WHAT THE TASK ASKS :: Entries below include pictures. Output exactly the lines from the one with "(A): Evolutionary tree" down to the one with "Женская приталенная премиум-футболка", both ends included, and leave the pictures out.

GIVEN ENTRIES ::
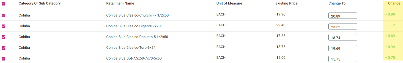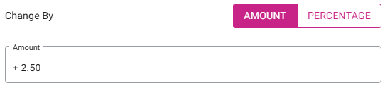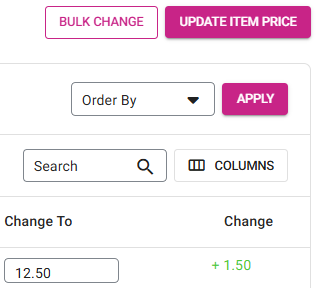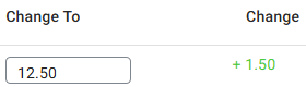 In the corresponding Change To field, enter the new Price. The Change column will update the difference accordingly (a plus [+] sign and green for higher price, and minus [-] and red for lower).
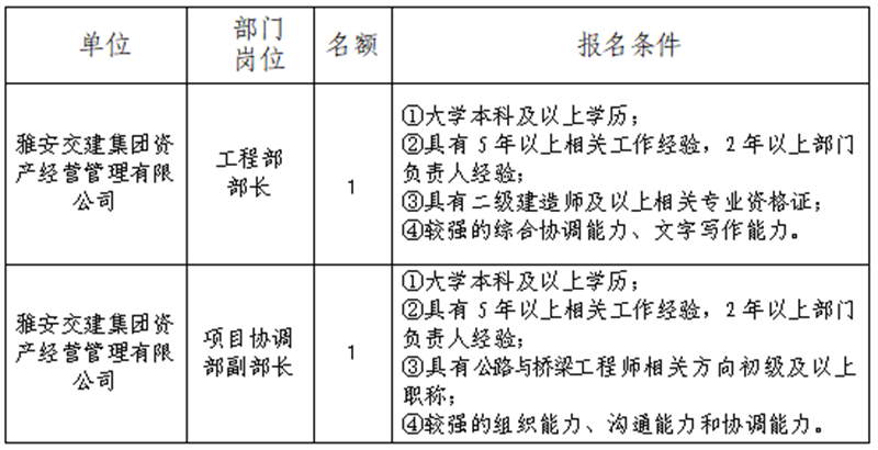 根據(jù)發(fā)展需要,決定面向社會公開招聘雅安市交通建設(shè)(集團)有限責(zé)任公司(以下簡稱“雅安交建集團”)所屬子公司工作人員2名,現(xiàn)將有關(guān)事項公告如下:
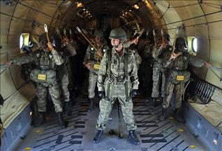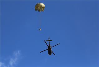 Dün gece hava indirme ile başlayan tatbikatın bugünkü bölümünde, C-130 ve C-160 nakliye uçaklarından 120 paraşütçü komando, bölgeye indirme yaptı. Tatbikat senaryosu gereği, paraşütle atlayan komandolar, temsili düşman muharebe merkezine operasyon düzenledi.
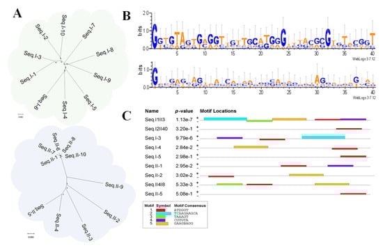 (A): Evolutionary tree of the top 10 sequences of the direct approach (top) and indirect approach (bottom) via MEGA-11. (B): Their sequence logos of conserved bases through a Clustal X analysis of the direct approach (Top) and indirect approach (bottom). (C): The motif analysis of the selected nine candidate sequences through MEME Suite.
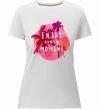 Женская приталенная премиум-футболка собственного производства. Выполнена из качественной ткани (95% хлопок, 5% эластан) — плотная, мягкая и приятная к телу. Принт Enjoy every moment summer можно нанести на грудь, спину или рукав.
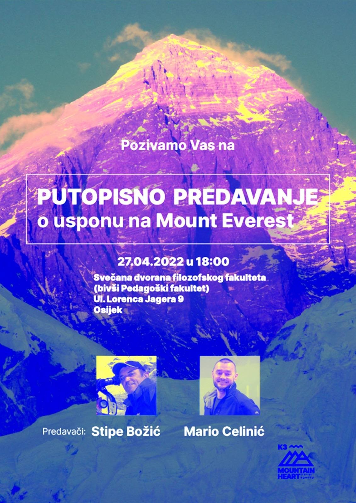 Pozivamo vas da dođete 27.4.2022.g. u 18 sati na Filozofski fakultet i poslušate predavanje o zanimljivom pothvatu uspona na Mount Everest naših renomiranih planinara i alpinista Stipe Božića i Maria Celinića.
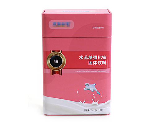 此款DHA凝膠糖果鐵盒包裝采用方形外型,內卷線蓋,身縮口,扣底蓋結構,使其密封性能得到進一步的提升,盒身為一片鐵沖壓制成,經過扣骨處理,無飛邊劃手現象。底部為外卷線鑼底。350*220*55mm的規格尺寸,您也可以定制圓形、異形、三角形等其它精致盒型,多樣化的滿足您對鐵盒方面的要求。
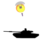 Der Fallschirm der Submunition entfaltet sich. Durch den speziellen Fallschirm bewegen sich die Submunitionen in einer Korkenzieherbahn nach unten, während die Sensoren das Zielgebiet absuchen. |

WRITTEN RESPONSE ::
 (A): Evolutionary tree of the top 10 sequences of the direct approach (top) and indirect approach (bottom) via MEGA-11. (B): Their sequence logos of conserved bases through a Clustal X analysis of the direct approach (Top) and indirect approach (bottom). (C): The motif analysis of the selected nine candidate sequences through MEME Suite.
 Женская приталенная премиум-футболка собственного производства. Выполнена из качественной ткани (95% хлопок, 5% эластан) — плотная, мягкая и приятная к телу. Принт Enjoy every moment summer можно нанести на грудь, спину или рукав.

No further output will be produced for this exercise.